Some of you see where the lines of communication may have broken down right there. I'm all for using your own customized phonetic alphabet, since "Lima" is a little weird for L and I can never seem to remember that K is "Kilo" but whatever. What's important to remember is that when creating your own phonetic alphabet is to make sure that the words you're using actually start with the letter you're trying to convey. When you deviate from this important premise, the whole dang opera just falls apart into "F as in Dogfood" territory.
So what I had to work with was the phrase "R as in Drawbridge" and I went into one of my standard Nerd Sniping shutdowns where I had to figure out what in the blue crap she was trying to tell me. This was not an isolated event either, since I had to have her repeat the request 3 times before I deciphered it. In what seemed like an eternity, dozens of thoughts flashed through my head as to what "R as in Drawbridge" meant, or what she was actually trying to say. I had originally typed "Draw" into the command line, since she didn't explain what it was she was trying to have me do, instead relying on mere letters to get me through. I thought, "There is an R in Drawbridge...two of them in fact," but that just make me wonder why the R was an important letter, because it's a compound word and neither part starts with R. Maybe she meant another word that's like Drawbridge, but starts with R...like...uhm...Rawfridge...Rarbage? This just got me thinking that drawbridges aren't especially common, and why would anybody think to use this word in a phonetic alphabet even if they wanted you to think "D"?
Long story short, my brain shut down for the rest of the afternoon, which was good, because I was only a couple days away from vacation.

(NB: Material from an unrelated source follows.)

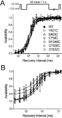 Figure 2. . Introduction of cysteine missense mutations into informative P-region sites has little or no effect on the recovery kinetics of fast- or slow-inactivation. All measurements were made in excised outside-out macropatches held under perfusion with control bath solution. Conditioning pulses to −10 mV of 40 ms or 3 s duration were used to induce fast and slow inactivation, respectively, (A, inset). (A) Recovery from fast inactivation at −120 mV was unchanged between cysteine substitution mutants and wild-type. (B) Recovery from slow inactivation at −120 mV was not affected by introduction of cysteine residues at most informative sites. For E758C mutant channels, a modest acceleration in the time course of recovery was observed.

Anyway...you may have noticed that my away message said that I'd be on vacation, and returning yesterday. Well, as of yesterday, I still had no computer since the fine folks at tech support still weren't done fixing it. That all changed about 4:00 yesterday afternoon, when I finally (mercifully) got my computer back, with a brand new operating system install, and everything completely deconfigured away from how I can actually use it. So, I'll be spending the next day or so reconfiguring everything back to a workable PC.
And the best part of this whole story...when my computer came back, it was running the old version of Sametime.